Jasongonella, What did you do? Were you able to recover?


----------



## jasongonella (Apr 11, 2009)

I ordered a new queen. When the sugar hole was finally broken through she did not survive. I don't know if it took to long or if they rejected her. I think the population is falling in my hive now.

If the hive fails I try again next spring.


----------



## NasalSponge (Jul 22, 2008)

Sorry to hear!


----------



## ccar2000 (Aug 9, 2009)

I just requeened one of my new hives since there were no eggs aftr two weeks. I hope I do not have the same problem with the candy plug. I will be checking this weekend to see if she got out. If not I will let her out through the cork manually. It will be three days today. I will open it up tomorrow.


----------



## RayMarler (Jun 18, 2008)

It looks to me like a dry hive, no nectar, or not enough to count for anything. If the rest of the hive looks as dry as this, I'd say your queen went off laying and stopped brood production. You need to feed this hive more than anything else that I can see. If you have a queen in there and you start feeding, within 10 days you should see brood production start back up again. If you don't see any pollen stores in the hive as well then consider adding some pollen for them too.


----------



## DRUR (May 24, 2009)

Ray:

*I agree.
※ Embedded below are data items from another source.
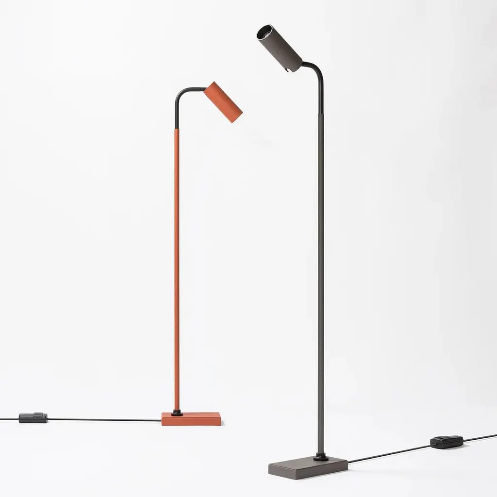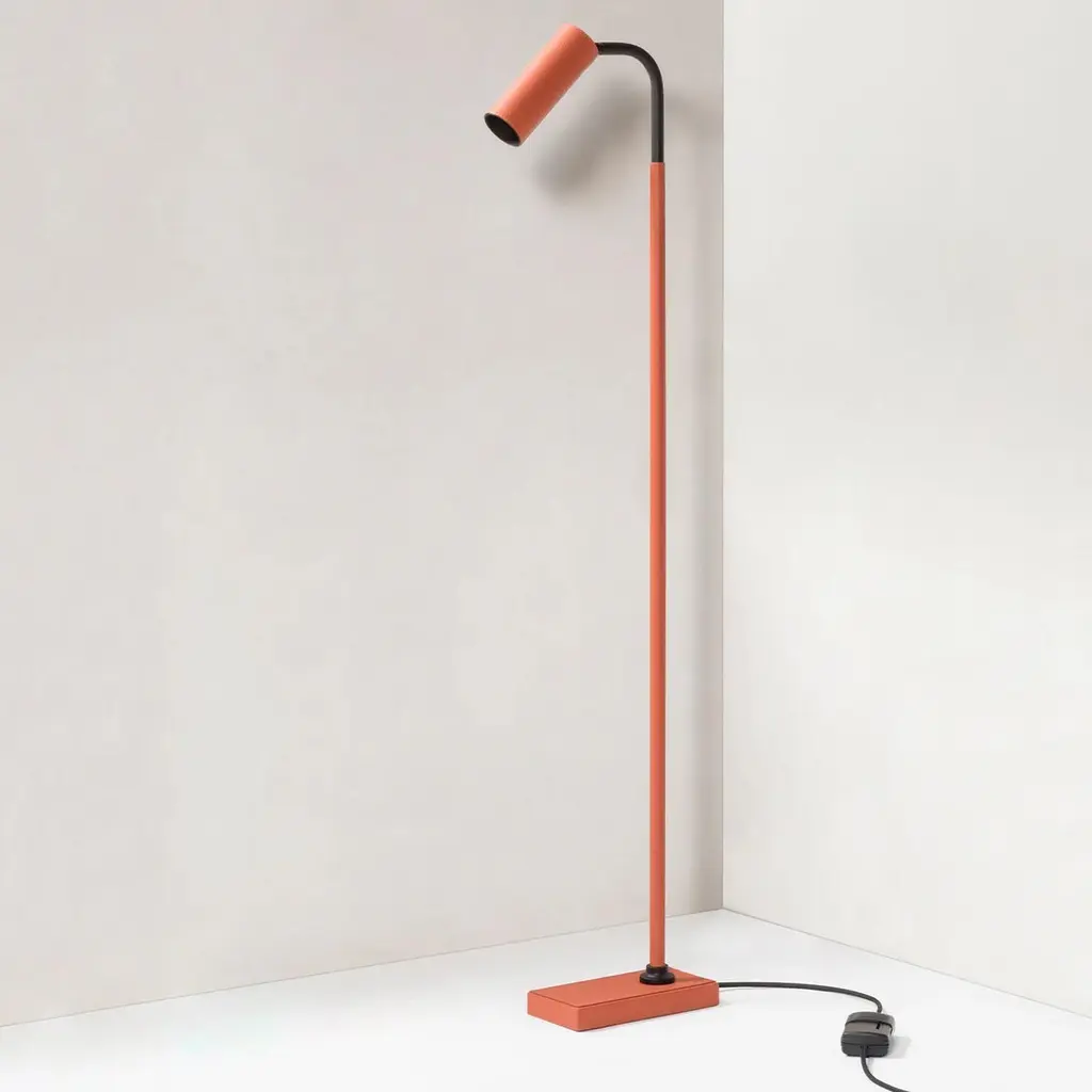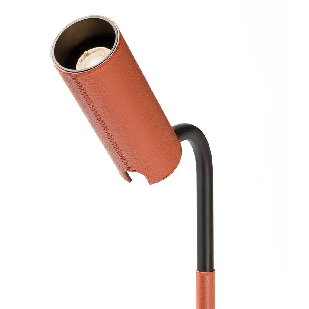 Floor Lamp E-Reader Orange with structure in solid bronzed covered with genuine leather in orange finish. Base in solid bronze covered with genuine leather in orange finish. Floor Lamp with vertical placed tube on knuckle joint, 350° turnable, 90° adjustable and a 2 meter cable, plug and a foot control dimmer. Lamp Holder type GU10 for Soraa GU10, 230Volts, 9,5Watt, 36° Vivid CRI 95 490 lm included. Main power 230V 50 Hz.bulb not included.Also available on request in 110Volts for America standards.Also Available on request in E-Reader Grey Floor Lamp.Also available on request with other leather colors.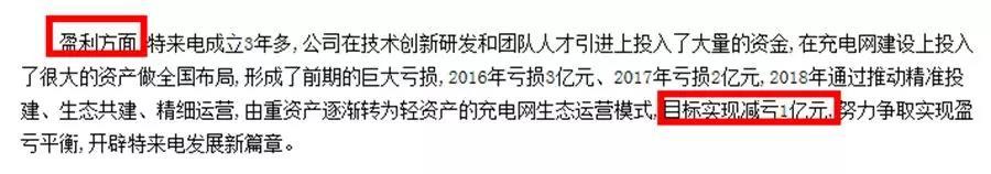 “先定一個小目標,我先掙它一個億!”萬達集團董事長王健林的小目標曾一度刷爆各大朋友圈。近日,“小目標一個億”又再次被提及,只不過這次與進賬無關,更多的是止損。這幾天,特銳德董事長在今年4月中發(fā)布的《給特銳德股東的一封信》成為行業(yè)關注的熱點?!?018年通過推動精準投建、生態(tài)共建、精細運營,由重資產(chǎn)逐漸轉為輕資產(chǎn)的充電網(wǎng)生態(tài)運營模式,目標實現(xiàn)減虧1億元,努力爭取實現(xiàn)盈虧平衡,開辟特來電發(fā)展新篇章。”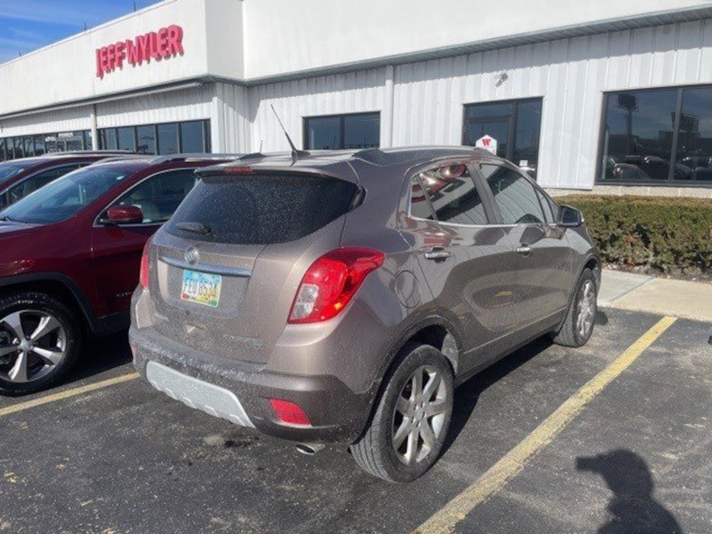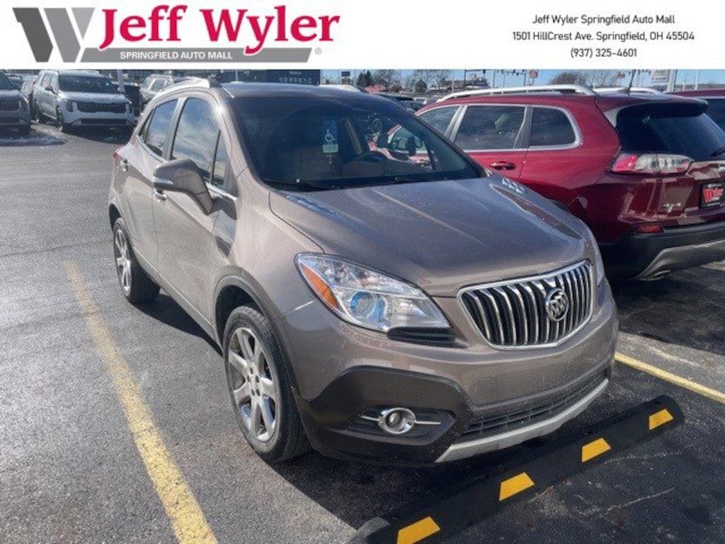 Jeff Wyler Springfield Auto Mall is excited to offer this wonderful 2014 Buick Encore Leather in Cocoa Silver Metallic. Well equipped with: 1SL Equipment Group (120-Volt Power Outlet, Auto-Dimming Inside Rear-View Mirror, Dual-Zone Automatic Climate Control, Front Fog Lamps, and Remote Vehicle Starter System), 18" Chromed Aluminum Wheels, 3.53 Final Drive Ratio, 4-Wheel Disc Brakes, 6 Speakers, ABS brakes, Air Conditioning, Alloy wheels, AM/FM radio: SiriusXM, Auto-dimming Rear-View mirror, Automatic temperature control, Brake assist, Bumpers: body-color, CD player, Compass, Delay-off headlights, Driver door bin, Driver vanity mirror, Driver's Seat Mounted Armrest, Dual front impact airbags, Dual front side impact airbags, Electronic Stability Control, Emergency communication system: OnStar Directions & Connections, Exterior Parking Camera Rear, Front anti-roll bar, Front Bucket Seats, Front dual zone A/C, Front fog lights, Front reading lights, Front wheel independent suspension, Fully automatic headlights, Heated door mirrors, Heated Driver & Front Passenger Seats, Heated front seats, Heated steering wheel, Illuminated entry, Knee airbag, Leather steering wheel, Leather-Appointed Seat Trim, Low tire pressure warning, Memory seat, Occupant sensing airbag, Outside temperature display, Overhead airbag, Panic alarm, Passenger door bin, Passenger vanity mirror, Power door mirrors, Power driver seat, Power passenger seat, Power steering, Power windows, Premium audio system: IntelliLink, Radio data system, Radio: AM/FM Audio System w/MP3 CD Player, Rear seat center armrest, Rear side impact airbag, Rear window defroster, Rear window wiper, Remote keyless entry, Ride & Handling Suspension, Roof rack: rails only, Security system, SiriusXM Satellite Radio, Speed control, Speed-sensing steering, Split folding rear seat, Spoiler, Steering wheel mounted audio controls, Tachometer, Telescoping steering wheel, Tilt steering wheel, Traction control, Trip computer, Turn signal indicator mirrors, Variably intermittent wipers, and Wheels: 18" Painted Cast Aluminum. Awards: * JD Power Initial Quality Study * 2014 KBB.com 5-Year Cost to Own Awards * 2014 KBB.com Brand Image Awards Reviews: * Those who subscribe to the axiom good things come in small packages will have their beliefs validated by the 2014 Buick Encore. Front-wheel drive (FWD) or all-wheel drive (AWD), a long list of available equipment, and an inviting interior design make this Buick the Cadillac of compact SUVS. Source: KBB.com * Quiet interior; great fuel economy; impressive list of tech and safety features. Source: EdmundsAsk about available certifications. Used vehicles 10 years of age or newer with less than 100,000 miles are eligible for the Wyler Assurance Program, but eligible vehicles must pass our reconditioning process and multi-point inspection. Provided the vehicle passes inspection, vehicles will be eligible for the 6 month/6,000 mile limited warranty. The 6 month/6,000 mile limited warranty is NOT available on AS-IS vehicles, wholesale vehicles, lease buyback/pass-thru vehicles or un-inspected vehicles. Note that this program can also apply to vehicles where the remaining factory coverage is less than 6 months or 6,000 miles. Please check the Federal Trade Commission (FTC) Buyers guide on the vehicle for full details as to whether or not warranty coverage may apply. Contact Dealer for additional details. The Wyler Assurance 6 month/6,000 Mile limited warranty ends 6 months from the date of the Retail Purchase Agreement (BUYERS ORDER) or when the vehicle's odometer registers 6,000 additional miles to the mileage listed on the BUYERS ORDER, whichever comes first. Your Deductible - The warranty holder on your contract pays the first $100 of each covered repair.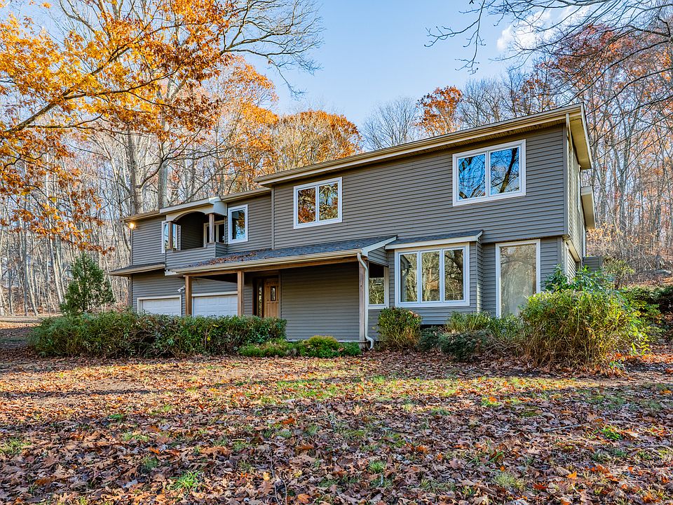 Situated on over 2 acres of private, wooded, park-like grounds, this spacious Split Level home is ready to move in and put your touches on it and make it your own. Upon entrance you'll be greeted by a cozy living room with beautiful stone fireplace and new hardwood floors with large windows that flood the room with natural light. The kitchen offers a breakfast bar and an antique cast iron, wood burning oven built into the chimney providing classic New England charm and opens up to the dining area with large windows and a slider that walks out to the back patio. The upper level offers a spacious office nook with a high ceiling and skylight and a large half bath with laundry that has room to make it a full bath and conveniently leads to the backyard which makes for a convenient mud room. Lastly, on this side of the home is the one of a kind master suite boasting vaulted ceilings, 2 walk-in closets, a large bathroom with stand up shower and jacuzzi tub, and best of all a private, covered porch overlooking the pond in the front yard. On the other side of the home is 2 additional bedrooms with large, double closets and the second full bathroom with plenty of room for a double vanity. New hardwood floors throughout, a brand new roof and plenty more features you won't find anywhere else make this unique home a must see.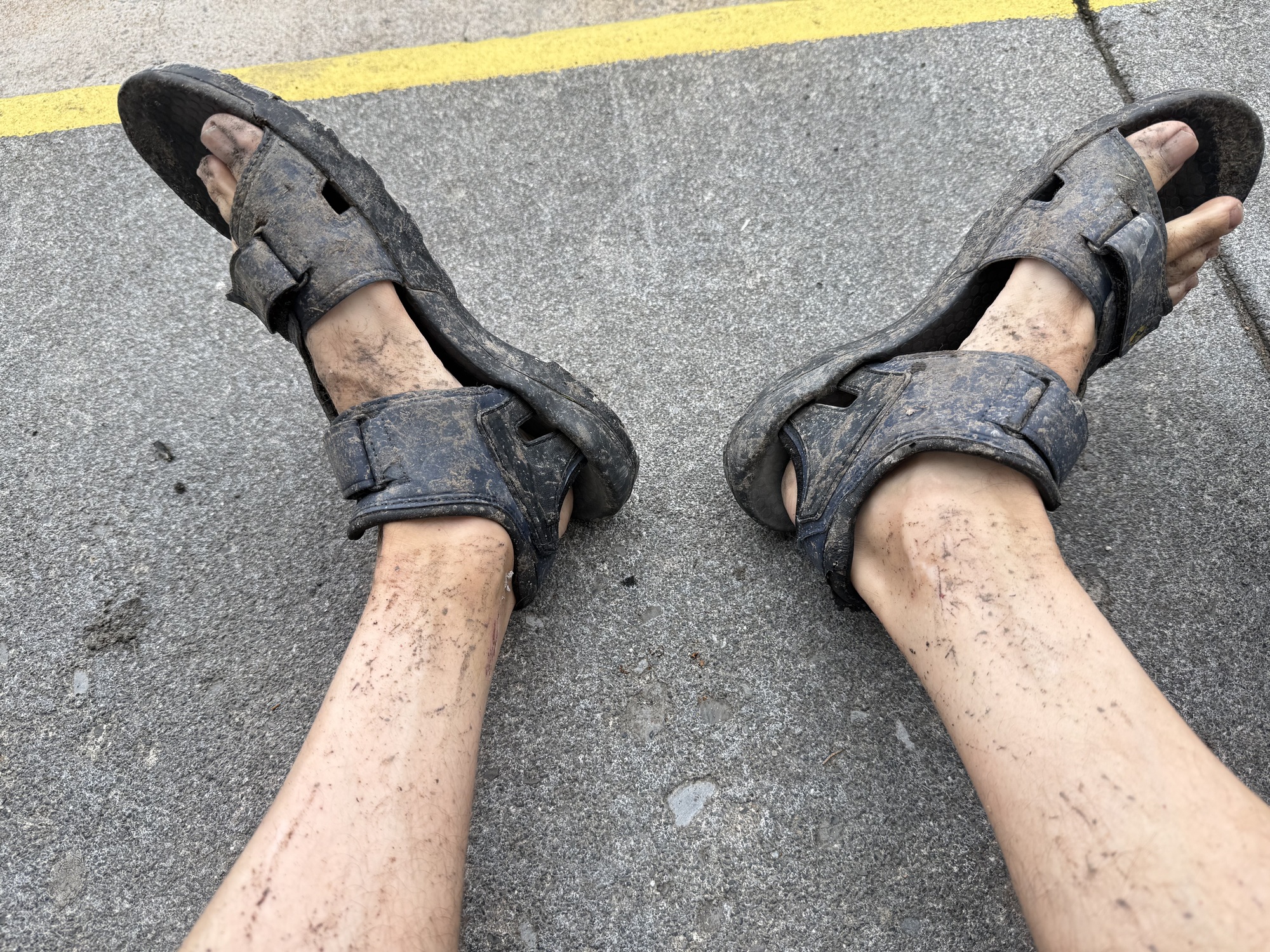 It was really slow going because my tires kept slipping and sliding. I was squeezing the handlebars like a politician gripping a coin, and by the end of the day I needed a crowbar to pry them off. A loose grip or a lapse in attentiveness, even for a second, would've resulted in a face full of mud.
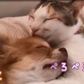 大好きがあふれている!猫に抱きしめてぺろぺろされ、なすがままの犬♡そして眠りの中へ

I think you hit the nail square on the head.*

I started out this year with two colonies, and towards the end of July was thinking I could eventually go into the winter with about 16, as I had split up to 6 at the time. Then the heat and the dearth of August hit, and all my colonies just shut down. I don't like feeding syrup but needed winter stores, so started feeding syrup about the first of September, heat eased up to mid 90s, and brood production picked up again. Luckily we have plenty of pollen sources here. We finally got rain from the equinotical storms, plenty of sealed brood now, temperatures only reach mid to upper 80s, but just planning on going into winter with 8 colonies now, and hoping for a good fall flow.

*Check with local beeks and see what you can expect, after the bees get on a good flow, you should be able to tell as they will most probably quit taking syrup.*


----------



## RayMarler (Jun 18, 2008)

I'm in a dearth here as well, with a few splits I'm trying to build up. I'm feeding syrup and pollen both. 

Most of the hives I've here won't need much syrup, just the three splits I'm boosting and one hive that went dry on me. There was dry brood, the queen was not laying, the combs were dry except for some sealed honey frames, and the bees were all running around on the combs like race horses at the track. I put feeder on them and gave pollen and the next day they were all calmed down and getting to work. 

I've got 4 out of 10 here that's going to need feeding through the end of October to get stores up, the other 6 will be ok with just another 1/2 gallon or so I'm thinking at this point. We should be getting a low volume nectar flow starting here by month's end.


----------



## jasongonella (Apr 11, 2009)

Good news. I thought my hive was, well, kaput. Dying, you know.

They even rejected the replacement queen.

So I decided to wait for it to die and then try again next year (this year).

Well, as I was looking at the hive this morning (not opening it up) I saw a few bees buzzing in and out. It's not dead, the queen had just stopped laying for whatever reason.


----------